Re: [PATCH 03/10] KVM: SVM: Terminate the VM if a SEV-ES+ guest is run with an invalid VMSA

From: Tom Lendacky
Date: Mon Feb 24 2025 - 19:00:39 EST


On 2/24/25 16:55, Sean Christopherson wrote:
> On Mon, Feb 24, 2025, Tom Lendacky wrote:
>> On 2/18/25 19:26, Sean Christopherson wrote:
>>> -void pre_sev_run(struct vcpu_svm *svm, int cpu)
>>> +int pre_sev_run(struct vcpu_svm *svm, int cpu)
>>> {
>>> struct svm_cpu_data *sd = per_cpu_ptr(&svm_data, cpu);
>>> - unsigned int asid = sev_get_asid(svm->vcpu.kvm);
>>> + struct kvm *kvm = svm->vcpu.kvm;
>>> + unsigned int asid = sev_get_asid(kvm);
>>> +
>>> + /*
>>> + * Terminate the VM if userspace attempts to run the vCPU with an
>>> + * invalid VMSA, e.g. if userspace forces the vCPU to be RUNNABLE after
>>> + * an SNP AP Destroy event.
>>> + */
>>> + if (sev_es_guest(kvm) && !VALID_PAGE(svm->vmcb->control.vmsa_pa)) {
>>> + kvm_vm_dead(kvm);
>>> + return -EIO;
>>> + }
>>
>> If a VMRUN is performed with the vmsa_pa value set to INVALID_PAGE, the
>> VMRUN will fail and KVM will dump the VMCB and exit back to userspace
>
> I haven't tested, but based on what the APM says, I'm pretty sure this would crash
> the host due to a #GP on VMRUN, i.e. due to the resulting kvm_spurious_fault().
>
> IF (rAX contains an unsupported physical address)
> EXCEPTION [#GP]

Well that's for the VMCB, the VMSA is pointed to by the VMCB and results
in a VMEXIT code of -1 if you don't supply a proper page-aligned,
physical address.

>
>> with KVM_EXIT_INTERNAL_ERROR.
>>
>> Is doing this preferrable to that?
>
> Even if AMD guaranteed that the absolute worst case scenario is a failed VMRUN
> with zero side effects, doing VMRUN with a bad address should be treated as a
> KVM bug.

Fair.

>
>> If so, should a vcpu_unimpl() message be issued, too, to better identify the
>> reason for marking the VM dead?
>
> My vote is no.
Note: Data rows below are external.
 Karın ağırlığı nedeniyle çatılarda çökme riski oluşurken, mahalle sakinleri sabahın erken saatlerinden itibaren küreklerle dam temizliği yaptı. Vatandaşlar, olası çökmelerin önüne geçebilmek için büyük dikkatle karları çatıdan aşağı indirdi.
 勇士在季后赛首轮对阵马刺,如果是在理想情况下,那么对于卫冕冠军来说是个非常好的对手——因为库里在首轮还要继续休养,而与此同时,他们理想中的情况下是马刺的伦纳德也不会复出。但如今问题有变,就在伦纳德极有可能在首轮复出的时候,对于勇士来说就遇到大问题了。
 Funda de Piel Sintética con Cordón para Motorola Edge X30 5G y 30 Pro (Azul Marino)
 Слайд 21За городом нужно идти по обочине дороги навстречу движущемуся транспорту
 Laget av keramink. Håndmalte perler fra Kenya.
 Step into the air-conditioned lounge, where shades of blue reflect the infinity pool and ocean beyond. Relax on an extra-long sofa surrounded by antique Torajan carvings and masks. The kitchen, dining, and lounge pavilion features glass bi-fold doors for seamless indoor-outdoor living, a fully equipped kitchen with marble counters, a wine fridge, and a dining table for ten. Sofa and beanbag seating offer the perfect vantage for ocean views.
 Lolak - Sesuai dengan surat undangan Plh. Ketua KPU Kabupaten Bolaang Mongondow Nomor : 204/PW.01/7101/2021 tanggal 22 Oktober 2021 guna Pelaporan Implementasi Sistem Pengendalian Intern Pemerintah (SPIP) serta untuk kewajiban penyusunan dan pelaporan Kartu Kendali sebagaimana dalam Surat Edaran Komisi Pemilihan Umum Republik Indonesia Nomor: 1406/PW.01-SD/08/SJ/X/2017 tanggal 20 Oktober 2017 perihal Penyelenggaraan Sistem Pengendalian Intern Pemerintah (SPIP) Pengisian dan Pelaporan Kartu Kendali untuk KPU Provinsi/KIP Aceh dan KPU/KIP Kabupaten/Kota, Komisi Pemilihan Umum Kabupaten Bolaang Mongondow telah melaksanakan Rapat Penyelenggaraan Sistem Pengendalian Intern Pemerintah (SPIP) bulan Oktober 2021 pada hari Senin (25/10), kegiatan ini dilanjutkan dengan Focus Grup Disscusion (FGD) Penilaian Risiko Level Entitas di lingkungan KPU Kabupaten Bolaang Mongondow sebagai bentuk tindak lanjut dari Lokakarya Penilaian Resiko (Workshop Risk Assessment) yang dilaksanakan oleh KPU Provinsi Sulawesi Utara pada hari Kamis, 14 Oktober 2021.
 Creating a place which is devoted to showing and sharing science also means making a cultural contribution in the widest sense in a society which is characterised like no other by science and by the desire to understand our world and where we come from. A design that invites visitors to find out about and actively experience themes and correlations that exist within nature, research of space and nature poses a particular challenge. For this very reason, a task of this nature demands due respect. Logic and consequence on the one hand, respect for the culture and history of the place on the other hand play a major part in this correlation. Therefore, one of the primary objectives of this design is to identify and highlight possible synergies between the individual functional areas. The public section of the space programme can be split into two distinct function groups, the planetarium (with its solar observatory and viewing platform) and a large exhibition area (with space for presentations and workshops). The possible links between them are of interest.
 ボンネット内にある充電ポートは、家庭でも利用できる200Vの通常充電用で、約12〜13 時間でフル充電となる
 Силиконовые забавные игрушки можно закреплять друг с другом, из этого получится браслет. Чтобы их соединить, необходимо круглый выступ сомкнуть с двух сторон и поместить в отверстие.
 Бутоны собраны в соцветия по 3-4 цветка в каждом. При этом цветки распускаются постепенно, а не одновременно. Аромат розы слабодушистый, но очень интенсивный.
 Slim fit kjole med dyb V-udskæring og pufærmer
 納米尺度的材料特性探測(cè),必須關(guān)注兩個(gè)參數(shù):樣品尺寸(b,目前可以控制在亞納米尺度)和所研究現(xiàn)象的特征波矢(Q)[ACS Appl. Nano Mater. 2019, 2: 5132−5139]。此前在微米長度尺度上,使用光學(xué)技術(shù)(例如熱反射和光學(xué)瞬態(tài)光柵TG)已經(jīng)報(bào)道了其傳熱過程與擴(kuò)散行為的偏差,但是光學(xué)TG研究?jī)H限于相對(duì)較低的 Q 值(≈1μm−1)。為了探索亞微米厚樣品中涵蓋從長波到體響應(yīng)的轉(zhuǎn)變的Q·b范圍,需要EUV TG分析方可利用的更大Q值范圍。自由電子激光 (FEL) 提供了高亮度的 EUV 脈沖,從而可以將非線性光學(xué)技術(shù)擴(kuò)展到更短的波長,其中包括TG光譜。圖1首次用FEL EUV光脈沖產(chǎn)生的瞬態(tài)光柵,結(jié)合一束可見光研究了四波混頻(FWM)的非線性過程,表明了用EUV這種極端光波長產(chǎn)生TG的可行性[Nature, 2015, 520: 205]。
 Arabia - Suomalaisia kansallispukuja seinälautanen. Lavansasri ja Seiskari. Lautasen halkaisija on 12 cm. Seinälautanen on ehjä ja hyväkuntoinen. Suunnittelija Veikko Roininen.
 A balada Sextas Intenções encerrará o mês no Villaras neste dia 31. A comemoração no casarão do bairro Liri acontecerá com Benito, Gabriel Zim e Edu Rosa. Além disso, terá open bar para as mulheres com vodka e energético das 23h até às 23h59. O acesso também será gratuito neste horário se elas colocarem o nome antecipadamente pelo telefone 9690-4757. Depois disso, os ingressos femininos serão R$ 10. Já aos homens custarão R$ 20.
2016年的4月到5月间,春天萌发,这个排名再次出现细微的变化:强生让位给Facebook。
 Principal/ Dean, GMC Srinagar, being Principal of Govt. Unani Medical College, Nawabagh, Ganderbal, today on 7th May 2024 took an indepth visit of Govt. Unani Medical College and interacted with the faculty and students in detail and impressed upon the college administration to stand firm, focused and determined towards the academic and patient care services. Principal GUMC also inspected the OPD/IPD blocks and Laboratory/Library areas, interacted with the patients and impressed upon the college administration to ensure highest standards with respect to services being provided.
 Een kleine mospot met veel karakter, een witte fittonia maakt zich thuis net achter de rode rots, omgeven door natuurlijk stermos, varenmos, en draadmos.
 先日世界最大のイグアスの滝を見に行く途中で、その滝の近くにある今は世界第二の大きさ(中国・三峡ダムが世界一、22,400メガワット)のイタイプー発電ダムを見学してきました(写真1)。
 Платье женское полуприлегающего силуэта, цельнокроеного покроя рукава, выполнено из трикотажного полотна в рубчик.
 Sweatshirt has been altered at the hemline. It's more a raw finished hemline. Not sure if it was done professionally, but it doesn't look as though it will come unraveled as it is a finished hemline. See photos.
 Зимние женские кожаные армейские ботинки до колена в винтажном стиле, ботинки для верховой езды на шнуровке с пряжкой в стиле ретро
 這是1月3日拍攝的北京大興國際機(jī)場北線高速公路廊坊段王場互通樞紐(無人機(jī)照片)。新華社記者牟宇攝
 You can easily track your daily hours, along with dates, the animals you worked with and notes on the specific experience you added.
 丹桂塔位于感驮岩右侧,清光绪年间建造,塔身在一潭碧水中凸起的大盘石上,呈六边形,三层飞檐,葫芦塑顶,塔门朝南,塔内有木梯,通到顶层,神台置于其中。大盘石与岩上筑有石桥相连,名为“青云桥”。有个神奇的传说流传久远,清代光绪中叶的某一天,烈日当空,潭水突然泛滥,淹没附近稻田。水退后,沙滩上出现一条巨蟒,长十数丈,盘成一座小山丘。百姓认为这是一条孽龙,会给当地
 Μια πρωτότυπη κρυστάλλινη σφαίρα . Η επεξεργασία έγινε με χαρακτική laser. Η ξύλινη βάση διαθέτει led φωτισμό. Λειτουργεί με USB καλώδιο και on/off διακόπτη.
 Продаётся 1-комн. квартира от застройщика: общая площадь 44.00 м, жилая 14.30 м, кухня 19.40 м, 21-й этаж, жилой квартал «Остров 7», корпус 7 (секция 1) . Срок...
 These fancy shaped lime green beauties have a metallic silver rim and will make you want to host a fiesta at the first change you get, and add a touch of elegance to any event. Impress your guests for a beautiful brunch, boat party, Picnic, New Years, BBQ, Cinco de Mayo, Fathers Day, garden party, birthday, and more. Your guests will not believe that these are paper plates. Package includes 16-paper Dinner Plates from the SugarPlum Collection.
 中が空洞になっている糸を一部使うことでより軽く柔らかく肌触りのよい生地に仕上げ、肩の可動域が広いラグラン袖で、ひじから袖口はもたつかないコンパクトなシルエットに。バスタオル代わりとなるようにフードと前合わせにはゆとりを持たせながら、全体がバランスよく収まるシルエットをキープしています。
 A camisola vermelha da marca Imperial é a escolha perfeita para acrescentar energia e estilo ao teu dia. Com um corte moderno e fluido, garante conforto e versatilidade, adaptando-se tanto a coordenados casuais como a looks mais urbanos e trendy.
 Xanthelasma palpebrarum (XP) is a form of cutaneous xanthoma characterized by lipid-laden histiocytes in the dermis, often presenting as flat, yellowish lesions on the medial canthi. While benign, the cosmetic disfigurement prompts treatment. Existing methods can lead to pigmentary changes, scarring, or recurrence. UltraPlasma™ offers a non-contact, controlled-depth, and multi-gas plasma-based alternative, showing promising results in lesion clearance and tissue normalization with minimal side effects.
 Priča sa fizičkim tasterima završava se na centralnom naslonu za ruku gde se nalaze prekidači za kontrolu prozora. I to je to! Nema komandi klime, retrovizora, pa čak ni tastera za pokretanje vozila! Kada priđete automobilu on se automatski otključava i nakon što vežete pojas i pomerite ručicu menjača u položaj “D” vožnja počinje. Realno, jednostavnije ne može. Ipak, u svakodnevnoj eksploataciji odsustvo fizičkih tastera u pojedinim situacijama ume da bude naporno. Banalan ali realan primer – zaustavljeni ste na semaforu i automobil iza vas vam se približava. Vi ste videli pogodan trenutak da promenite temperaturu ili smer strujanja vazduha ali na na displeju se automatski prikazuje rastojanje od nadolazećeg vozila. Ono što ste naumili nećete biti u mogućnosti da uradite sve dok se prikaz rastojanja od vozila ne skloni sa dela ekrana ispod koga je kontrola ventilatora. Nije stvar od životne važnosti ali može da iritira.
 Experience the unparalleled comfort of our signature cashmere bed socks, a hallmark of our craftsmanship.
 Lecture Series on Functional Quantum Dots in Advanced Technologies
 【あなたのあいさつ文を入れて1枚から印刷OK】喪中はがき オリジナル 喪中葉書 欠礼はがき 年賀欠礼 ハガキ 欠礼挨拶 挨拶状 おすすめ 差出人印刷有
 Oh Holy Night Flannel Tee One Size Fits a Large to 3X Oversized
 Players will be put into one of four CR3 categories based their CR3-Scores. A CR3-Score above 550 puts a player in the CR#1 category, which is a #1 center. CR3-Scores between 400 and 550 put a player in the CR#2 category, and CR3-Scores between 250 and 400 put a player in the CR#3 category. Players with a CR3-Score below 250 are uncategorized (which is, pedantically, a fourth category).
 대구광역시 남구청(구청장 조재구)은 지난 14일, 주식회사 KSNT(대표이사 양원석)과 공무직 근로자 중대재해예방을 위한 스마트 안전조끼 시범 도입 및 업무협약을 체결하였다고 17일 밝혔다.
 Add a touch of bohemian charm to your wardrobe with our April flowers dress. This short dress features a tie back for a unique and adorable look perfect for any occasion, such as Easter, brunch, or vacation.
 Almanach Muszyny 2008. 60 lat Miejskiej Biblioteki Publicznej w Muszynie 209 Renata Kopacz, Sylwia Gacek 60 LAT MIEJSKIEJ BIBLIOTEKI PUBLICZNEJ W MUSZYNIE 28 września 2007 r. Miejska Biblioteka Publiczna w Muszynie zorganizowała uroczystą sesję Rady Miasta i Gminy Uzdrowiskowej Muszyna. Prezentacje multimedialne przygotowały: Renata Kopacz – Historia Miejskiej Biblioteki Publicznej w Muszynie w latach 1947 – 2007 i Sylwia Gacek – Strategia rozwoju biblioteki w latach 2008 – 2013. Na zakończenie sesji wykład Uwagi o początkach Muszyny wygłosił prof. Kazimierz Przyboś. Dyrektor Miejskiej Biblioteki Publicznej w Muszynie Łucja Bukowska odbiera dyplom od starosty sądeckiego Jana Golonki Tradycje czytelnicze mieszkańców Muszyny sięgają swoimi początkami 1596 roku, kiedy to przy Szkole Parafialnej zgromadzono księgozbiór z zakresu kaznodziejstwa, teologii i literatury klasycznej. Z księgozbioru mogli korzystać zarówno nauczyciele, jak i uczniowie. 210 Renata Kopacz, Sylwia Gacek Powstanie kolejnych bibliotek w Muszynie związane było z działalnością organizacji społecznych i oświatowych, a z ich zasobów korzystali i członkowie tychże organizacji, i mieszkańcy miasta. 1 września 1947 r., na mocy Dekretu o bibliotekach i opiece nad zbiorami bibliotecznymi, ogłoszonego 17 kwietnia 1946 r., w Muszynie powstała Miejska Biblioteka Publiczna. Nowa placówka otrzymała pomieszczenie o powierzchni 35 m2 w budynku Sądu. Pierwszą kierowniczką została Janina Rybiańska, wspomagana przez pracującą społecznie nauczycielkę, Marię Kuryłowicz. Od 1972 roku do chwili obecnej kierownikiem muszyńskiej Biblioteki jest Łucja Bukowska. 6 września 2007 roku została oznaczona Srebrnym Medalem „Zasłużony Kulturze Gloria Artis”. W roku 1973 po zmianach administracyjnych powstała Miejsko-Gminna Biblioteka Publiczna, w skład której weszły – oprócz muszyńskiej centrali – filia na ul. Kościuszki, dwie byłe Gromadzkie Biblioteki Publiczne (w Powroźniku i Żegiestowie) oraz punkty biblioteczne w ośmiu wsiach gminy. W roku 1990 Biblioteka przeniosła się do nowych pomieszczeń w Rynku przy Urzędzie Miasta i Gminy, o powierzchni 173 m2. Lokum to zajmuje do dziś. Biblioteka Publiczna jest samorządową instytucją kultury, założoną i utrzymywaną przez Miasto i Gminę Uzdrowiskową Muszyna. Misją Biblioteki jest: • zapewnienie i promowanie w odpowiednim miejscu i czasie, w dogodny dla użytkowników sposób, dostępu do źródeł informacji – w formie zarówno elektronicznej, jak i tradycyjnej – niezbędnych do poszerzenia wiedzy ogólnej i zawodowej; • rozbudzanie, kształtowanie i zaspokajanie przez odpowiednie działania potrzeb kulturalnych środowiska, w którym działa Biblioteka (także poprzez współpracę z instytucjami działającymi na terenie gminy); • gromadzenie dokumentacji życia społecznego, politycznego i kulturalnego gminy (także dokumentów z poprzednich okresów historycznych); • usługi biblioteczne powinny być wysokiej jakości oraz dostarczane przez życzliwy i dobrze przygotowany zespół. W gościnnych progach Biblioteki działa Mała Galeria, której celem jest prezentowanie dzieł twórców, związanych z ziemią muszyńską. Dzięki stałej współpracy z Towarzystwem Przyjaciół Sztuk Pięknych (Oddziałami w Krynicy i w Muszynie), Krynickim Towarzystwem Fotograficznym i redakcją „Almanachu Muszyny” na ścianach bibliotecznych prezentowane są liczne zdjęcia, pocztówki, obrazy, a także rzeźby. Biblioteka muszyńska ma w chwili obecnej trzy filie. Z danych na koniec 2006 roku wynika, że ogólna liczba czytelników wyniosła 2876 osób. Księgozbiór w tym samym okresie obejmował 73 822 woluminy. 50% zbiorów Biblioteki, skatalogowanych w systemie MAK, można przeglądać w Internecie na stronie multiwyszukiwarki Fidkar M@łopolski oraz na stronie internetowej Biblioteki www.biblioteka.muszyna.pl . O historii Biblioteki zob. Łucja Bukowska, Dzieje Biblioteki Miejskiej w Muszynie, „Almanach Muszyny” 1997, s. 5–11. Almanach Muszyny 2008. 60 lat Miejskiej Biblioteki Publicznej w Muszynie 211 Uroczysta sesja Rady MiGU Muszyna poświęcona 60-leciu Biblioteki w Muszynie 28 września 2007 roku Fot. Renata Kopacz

At some point we need to assume userspace possesess a reasonable
> level of competency and sanity.
>
>>> static void svm_inject_nmi(struct kvm_vcpu *vcpu)
>>> @@ -4231,7 +4233,8 @@ static __no_kcsan fastpath_t svm_vcpu_run(struct kvm_vcpu *vcpu,
>>> if (force_immediate_exit)
>>> smp_send_reschedule(vcpu->cpu);
>>>
>>> - pre_svm_run(vcpu);
>>> + if (pre_svm_run(vcpu))
>>> + return EXIT_FASTPATH_EXIT_USERSPACE;

In testing this out, I think userspace continues on because I eventually
get:

KVM_GET_PIT2 failed: Input/output error
/tmp/cmdline.98112: line 1: 98163 Aborted (core dumped) ...

Haven't looked too close, but maybe an exit_reason needs to be set to
get qemu to quit sooner?

Thanks,
Tom


>>
>> Since the return code from pre_svm_run() is never used, should it just
>> be a bool function, then?
>
> Hard no. I strongly dislike boolean returns for functions that aren't obviously
> predicates, because it's impossible to determine the polarity of the return value
> based solely on the prototype. This leads to bugs that are easier to detect with
> 0/-errno return, e.g. returning -EINVAL in a happy path stands out more than
> returning the wrong false/true value.
>
> Case in point (because I just responded to another emain about this function),
> what's the polarity of this helper? :-)
>
> static bool sanity_check_entries(struct kvm_cpuid_entry2 __user *entries,
> __u32 num_entries, unsigned int ioctl_type)